Violet had forgotten he had never seen Hugo properly before.
“I’m not really sure,” she replied, joining him. “They seem part-human, part-machine. Hugo has some kind of a metal outer-skeleton – I think it helps him move.” She pointed to the steel bars that traced his arms and legs. “And his skin is patched up with bits of weird fur.”
“So the buttons next door switch these monsters on and off?” Jack whispered, moving closer to examine Hugo.
“And…and I could see you on the screen, Jack, as if I was looking at you through Hugo’s eyes,” Violet stuttered.
“His eyes are the eye plants,” Jack whispered, now only millimetres from Hugo’s half-eaten away nose. “So maybe that’s how you saw me on the screen next door. Hugo’s eye plants must be connected to the TV somehow.”
“Maybe they work like the Brain in Town,” Violet said excitedly. “William told us the eye plants in the beds around Town send out signals of what they’re seeing and the Brain converts them back to pictures – he called them electric magnets or something. That’s why they worked perfectly as a security system – until Tom started stealing them.”
“Electromagnetic signals,” Jack said, nodding. “We learned about them in school. It’s how our real eyes send messages through the optic nerve to our brains.”
“You really are a brainbox!” Violet shook her head. “I know we learned a bit about eyes in school, but Mrs Moody is so boring I could barely keep mine open.”
“I like learning,” Jack stated, still inspecting Hugo.
He really was so different to Boy.
“You mentioned Edward said something about charging Hugo up,” he continued, walking around the Child Snatcher. “Maybe these bodies run on some kind of battery power?”
“But Edward told Madeleine that Hugo was dead. He’s a zombie,” Violet replied, wide-eyed.
“I’m not sure zombies exist, except in books. All these bars and wires, they look mechanical. Maybe he’s some sort of robotic zombie…”
Jack kept to his exploring, as Violet went to check out the other two bodies.
Denise and Denis looked similar to Hugo. Both were traced in stitches, and strange furry patches covered various parts of their bodies.
The male, Denis, smelled just like Hugo. His skin was a ghostly pale mixed with yellow and purple br
uising, and a large pink furry patch was sewn over his left cheek.
Denise appeared to be a female, though it was hard to tell. Her hair was long and straggly. Large chunks were missing from her greenish scalp, replaced by what looked like blonde doll’s hair.
A faint beeping sound caught Violet’s ears. She was drawn to a monitor screwed to the wall by Denise’s left shoulder. The monitor’s small screen was filled with flashing numbers, and a quick blue line zipped up and down across it, just like a heart machine in hospital. Beneath the monitor was a black box, again screwed to the wall. Red and black cables ran from it to a similar box dug into Denise’s upper arm.
“It’s a battery,” Jack said from behind her. “All three of the zombies have them. They look kind of like the ones in cars.”
“So you were right, they do run off batteries,” Violet whispered. “Look, Jack.” She pointed up to the top-left corner of Denise’s monitor, where a battery symbol blinked slowly. “It says eighty-five per cent. She must be almost fully charged.”
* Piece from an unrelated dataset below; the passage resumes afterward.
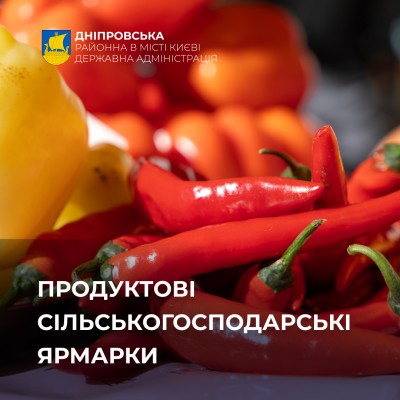 Цього тижня у Дніпровському районі пройдуть продуктові сільськогосподарські ярмарки. Зокрема, ярмарки відбудуться у:

“I didn’t notice that,” Jack said, stepping forward again for a look.
Violet moved back towards the door.
“We should go,” she said, eager to get away from the monsters. “We need to find Boy and we don’t want to be here when these things are fully charged.”
Jack looked around and nodded.
“That’s fine by me,” he said, as he crossed the stable and out the yellow door.
“What about the cottage?” Violet pointed when they were both on the concrete path outside.
“Like you said, there could be somebody asleep in there,” Jack replied. “It looks like a home.”
“We’ll just have to be quiet then,” Violet whispered, leading the way.
Violet pushed open the small yellow gate and stepped onto the red-brick path that led to the door of the thatched cottage.
“Let’s just check in the windows first – we might be able to see if there’s someone inside,” Jack said, behind her.
“Okay, I’ll look in the front two windows, and you go around the back. Meet here again in a few minutes.”